DENVER – A retired professor testified Tuesday he found evidence that billions of particles of plutonium had escaped from a former nuclear weapons plant in Colorado and settled on land that is now a wildlife refuge, raising concerns about whether the site is safe for the public.
But an attorney for the federal government countered that the study was done in the mid-1970s, and that the Environmental Protection Agency determined years later that the site was safe.
The exchange was part of a hearing in federal court over whether the public should be allowed onto Rocky Flats National Wildlife Refuge west of Denver.
The U.S. Fish and Wildlife Service wants to open trails at the refuge, but environmental and community activists filed a lawsuit to block the plan, saying the agency has not adequately studied safety.
Attorney Randall Weiner asked U.S. District Judge Philip Brimmer to issue an injunction delaying the opening at least until their lawsuit can be heard.
“They (the agency) won’t suffer if they wait a couple weeks or a couple months until your honor rules on our case,” Weiner told Brimmer.
Justice Department attorney Jessica Held said the site has been studied and found safe.
Brimmer did not issue a ruling after the daylong hearing and did not indicate when he would decide.
Rocky Flats was the site of a government plant that manufactured plutonium triggers for nuclear bombs from 1952 until 1989.
The area where plutonium was processed underwent a $7 billion cleanup but remains closed to the public.
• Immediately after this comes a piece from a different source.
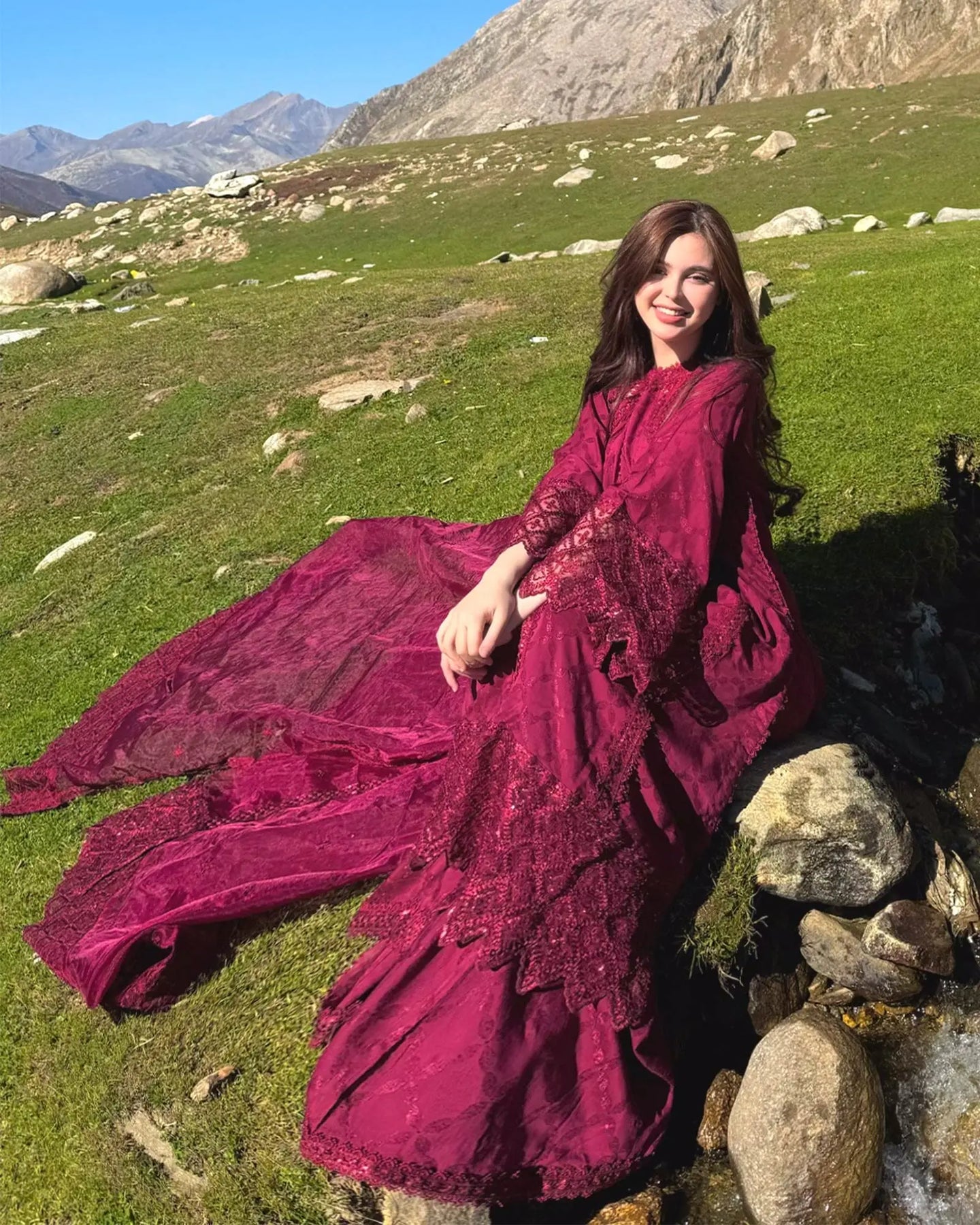 Slay in this bold attire that's a true addition to your festive wardrobe. It comes in a long, open, gown-style shirt with an embroidered base with lace with side cuts on the neckline , borders and buttonholes, and matching buttons. finishings, paired with a sharara and topped with an organza dupatta with lace, giving a complete pleasing look.

The site’s buffer zone – about 8 square miles surrounding the manufacturing site – was turned into a refuge.
The Fish and Wildlife Service plans to open some trails to the public in September. Opponents say hikers, cyclists and horses could stir up plutonium particles in dust, where they could inhale it or inadvertently carry it offsite.
Harvey Nichols, a retired University of Colorado professor who studies the long-distance movement of small particles, testified Tuesday that when he analyzed snow that fell on the buffer zone in the 1970s, some areas had plutonium particles in concentrations up to 100 billion per acre.
Under cross-examination by Held, Nichols acknowledged he has not gone back to study the site since the EPA declared it safe in 2007. Nichols said he wanted to but was unable to get funding.
Weiner argued that the Fish and Wildlife Service changed the routes of the planned trails after the EPA’s finding, and that the trails covered newly acquired refuge land that the EPA had not studied.
He said the government should examine those changes to see if they would affect the safety of the site.
Held said the trail changes were minor and that the additional land was never part of the original Rocky Flats site.